Women with more education have fewer children—which is one of the reasons why extending equal access to education for women is so important. Women with more education have more opportunities for productive lives doing work other than childrearing. All around the world, when education levels rise, fertility levels fall.

That doesn't mean we have to sacrifice the future of humanity on the altar of gender equality, but it does mean we have to figure out how to raise and support fewer children to be happy and productive (as the economist Nancy Folbre explains).

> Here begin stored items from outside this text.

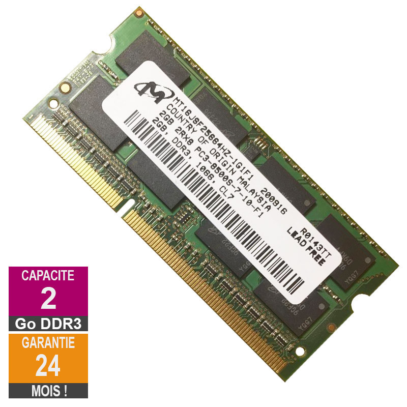 Libellé Barrette Mémoire 2Go RAM DDR3 Micron MT16JSF25664HZ-1G1F1 SO-DIMM PC3-8500 1066MHz 2Rx8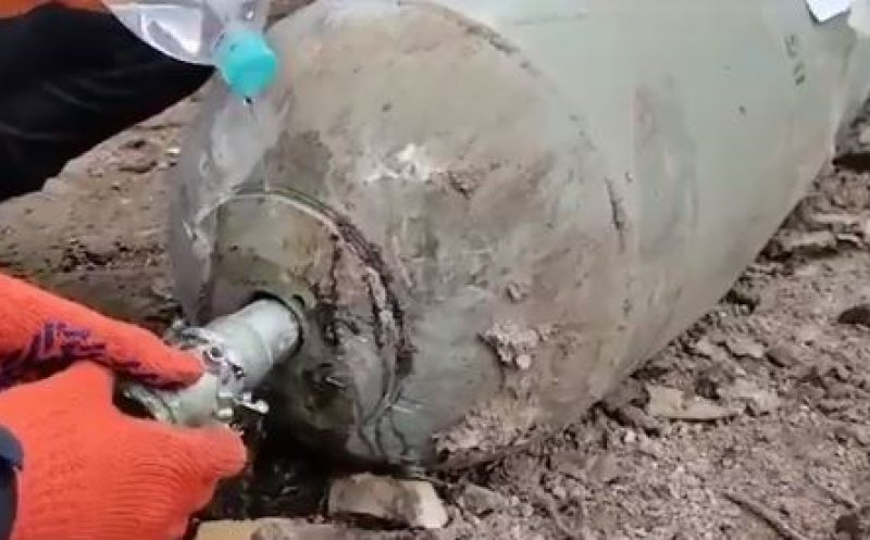 Geniștii ucraineni au dezamorsat o bombă rusească folosind doar o sticlă mică cu apă.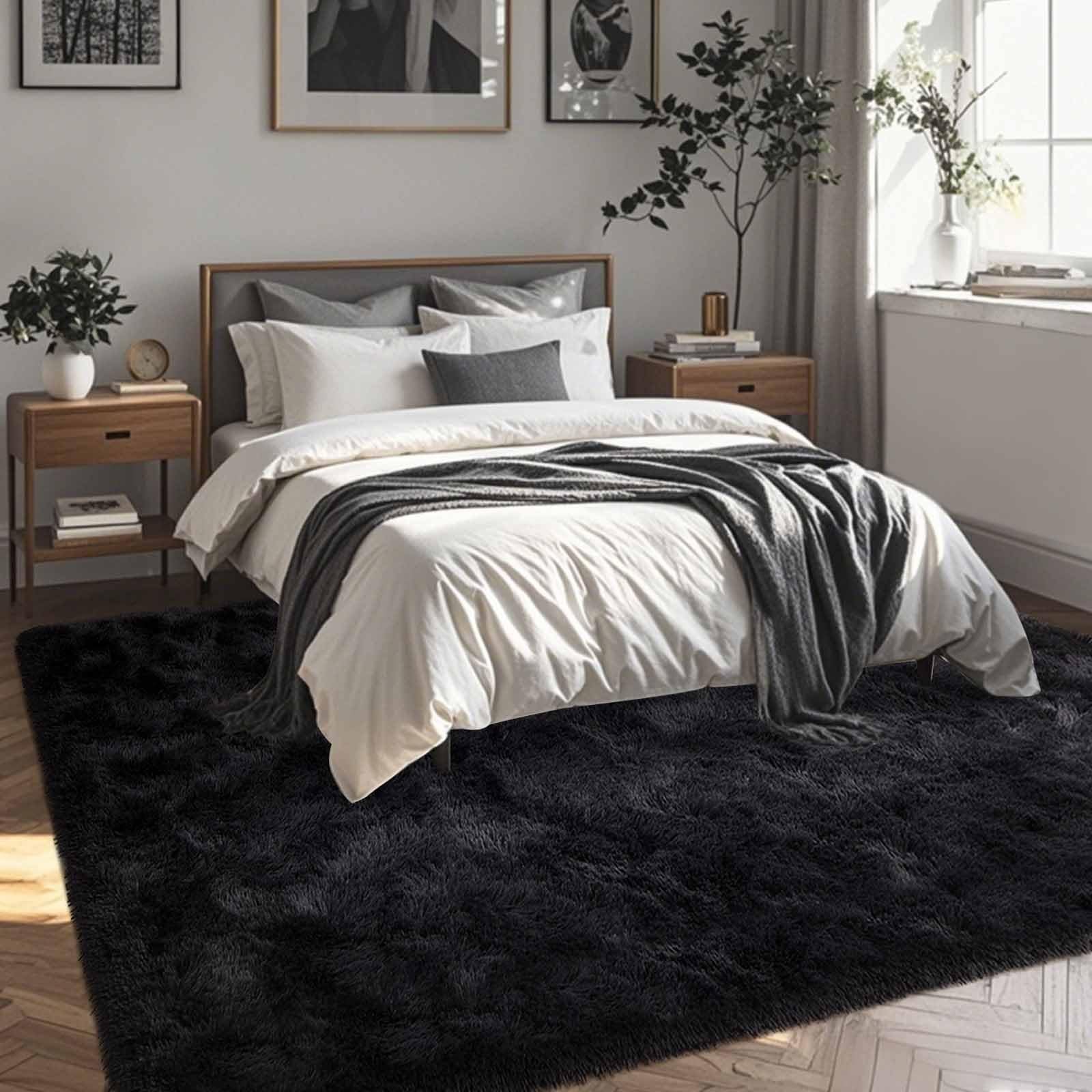 FinRe c 5x8 Feet Black Rugs for Living Room Bedroom, Fluffy Shaggy Area Rug,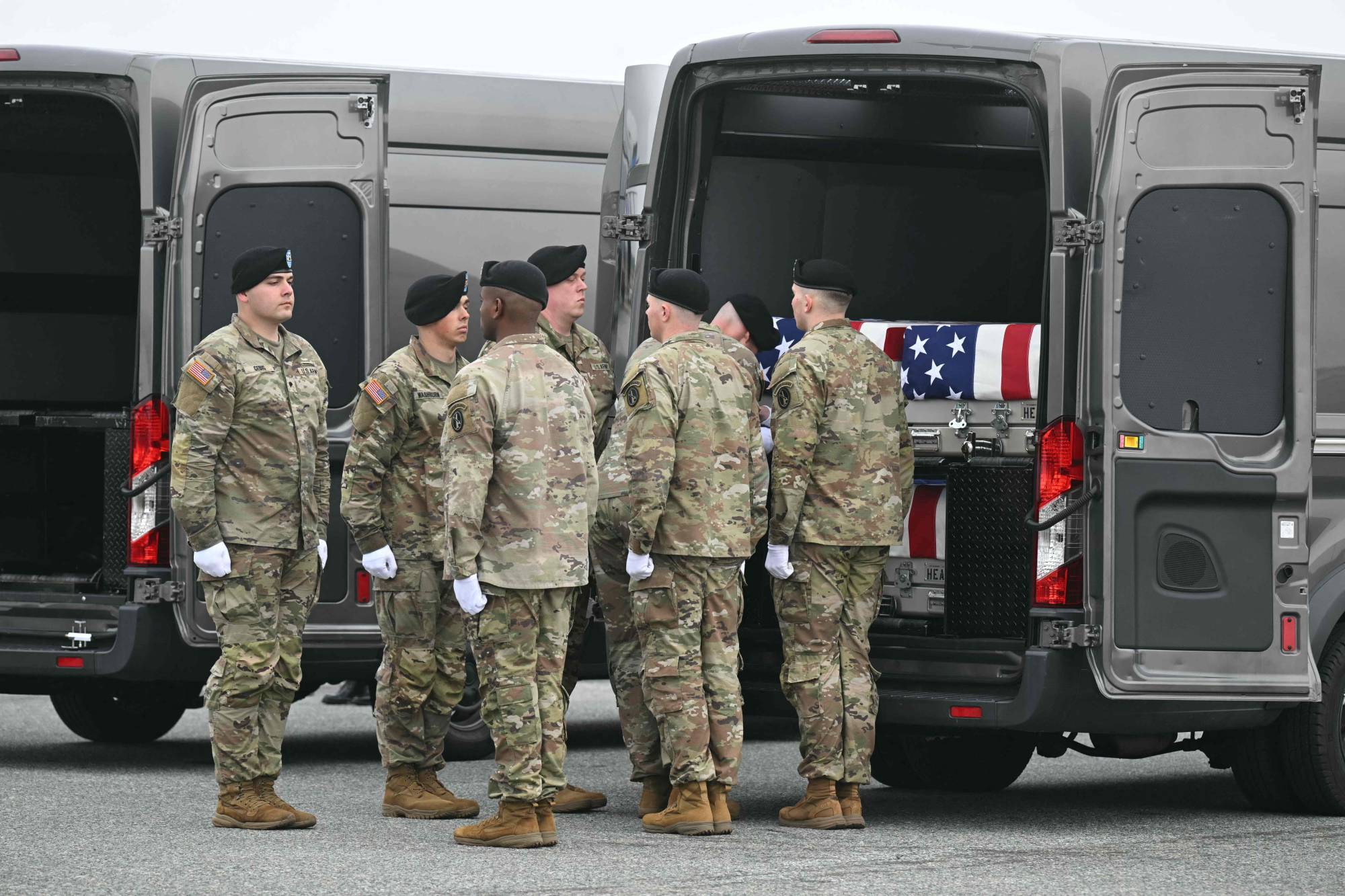 Delaware’de düzenlenen resmi bir tören sırasında, ABD askerlerinden oluşan bir ekip, askerlerin naaşlarını taşıyan bayraklarla örtülü tabutların önünde duruyor. (AFP)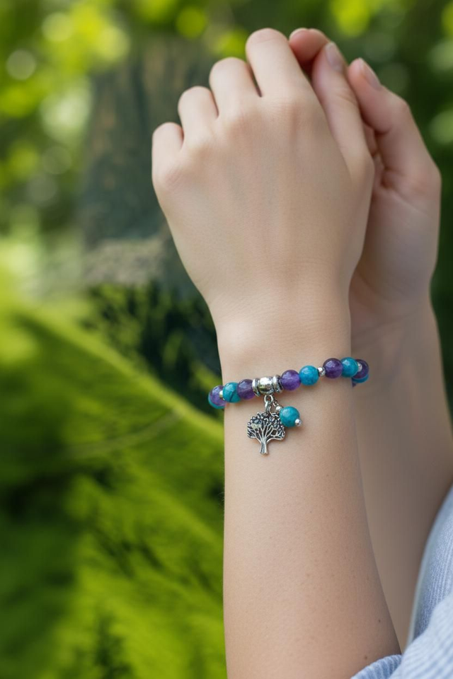 Ce bracelet en pierres naturelles associe l’énergie douce de l’améthyste à la vitalité inspirante de l’apatite.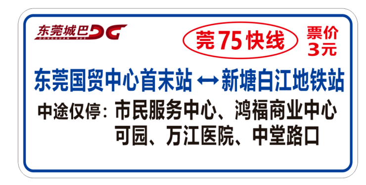 日前,东莞巴士下属城巴公司开通东莞国贸中心首末站至新塘白江地铁站的公交线路——“莞75路大站快车专线”(下文简称“莞75快线”),该快车专线与莞75路走向一致,差别在于比莞75路少停9个站。

I wrote about fertility last week, and I'm dwelling on the subject because of What To Expect When No One's Expecting: America's Coming Demographic Disaster, Jonathan Last's panic-book about low fertility. The argument and information in the book aren't new, but he provides a good example of common misperceptions that are worth considering. At first glance, the argument doesn't seem to have a conservative political impetus—after all, who's against children? But that only makes it more important to understand fertility in the context of gender equality.

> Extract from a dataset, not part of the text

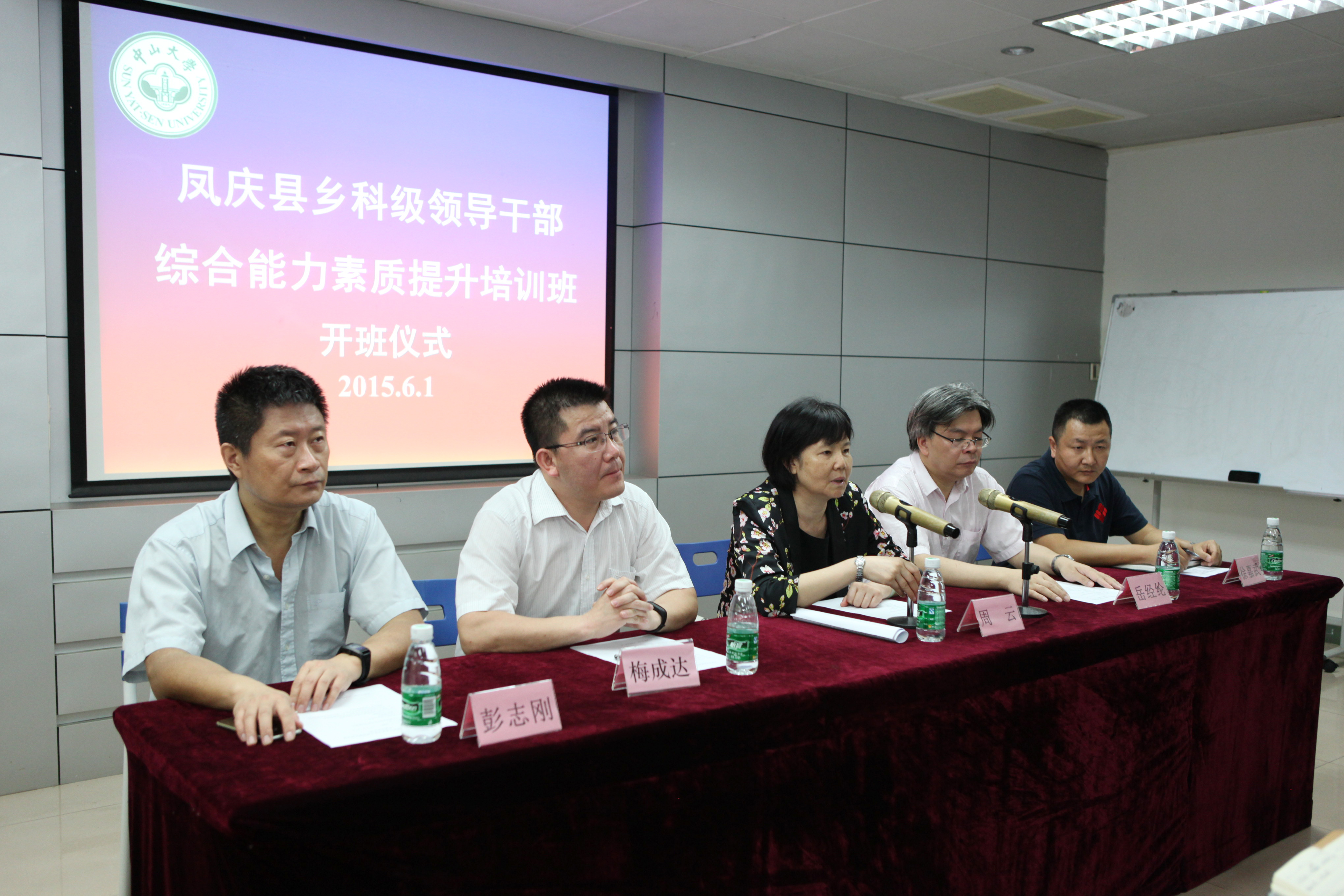2015年6月1-5日,我校对口帮扶地区云南省凤庆县50名干部来我校参加综合能力提升培训班,这是我校第三次为凤庆县政府管理干部进行培训,此次培训由政治与公共事务管理学院承办。6月1日上午,培训开班仪式在南校区冼为坚堂举行,仪式由政务学院书记梅成达主持,校工会常务副主席周云、校工会副主席彭志刚、政务学院副院长岳经伦等出席了仪式。扶贫工作组组长周云对参加此次学习的云南省凤庆县各机关干部表示热烈的欢迎,岳经伦副院长介绍了学院的情况和此次培训计划,学员代表徐嘉武作了发言。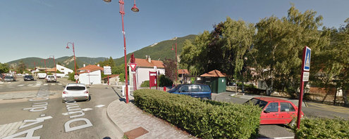 Les toilettes se trouvent dans un bâtiment carré de couleur verte, sur un parking le long de la route, au niveau d'un petit rond point, le long de la route principale.

The general relationship between the number of children women have and their relative status in society is clear: Fewer children means higher status. And the relationship is reciprocal: Higher status for women also leads to lower fertility.

Further, the relationship appears at both the individual level and the societal level. Countries with lower fertility levels have, on average, less gender inequality in the realms of education, income, political and social power. Here is the relationship between total fertility (average number of children per woman) and the UN's gender inequality index, which combines reproductive health, political representation, educational and labor force equality. (I made bigger dots for bigger countries, and colored the U.S. dot blue.)

cohen fertility 1.jpg

This shows two things:

  • First, there are no societies with high fertility and low gender inequality.
  • Second, there is a range of gender inequality among the low-fertility countries.

I interpret the pattern like this: There is a lot that can be done about gender inequality—once fertility rates are reduced.

This can be a confusing subject, and Last provides a good example of that. Along the way to arguing that we need more babies in the U.S. (and almost everywhere else), Last complains that poor people are aping the low-fertility behavior of the modern, liberal, feminist, self-centered middle class. The poor are having too few children. But he also complains they are having all the children. He writes:

The bearing and raising of children has largely become the province of the lower classes.

And he writes:

What we have, then, is a picture of an American middle class that is surprisingly barren ... Women who go to college or graduate school are unlikely to have even two children. ... It's a kind of reverse Darwinism where the traditional markers of success make one less likely to reproduce.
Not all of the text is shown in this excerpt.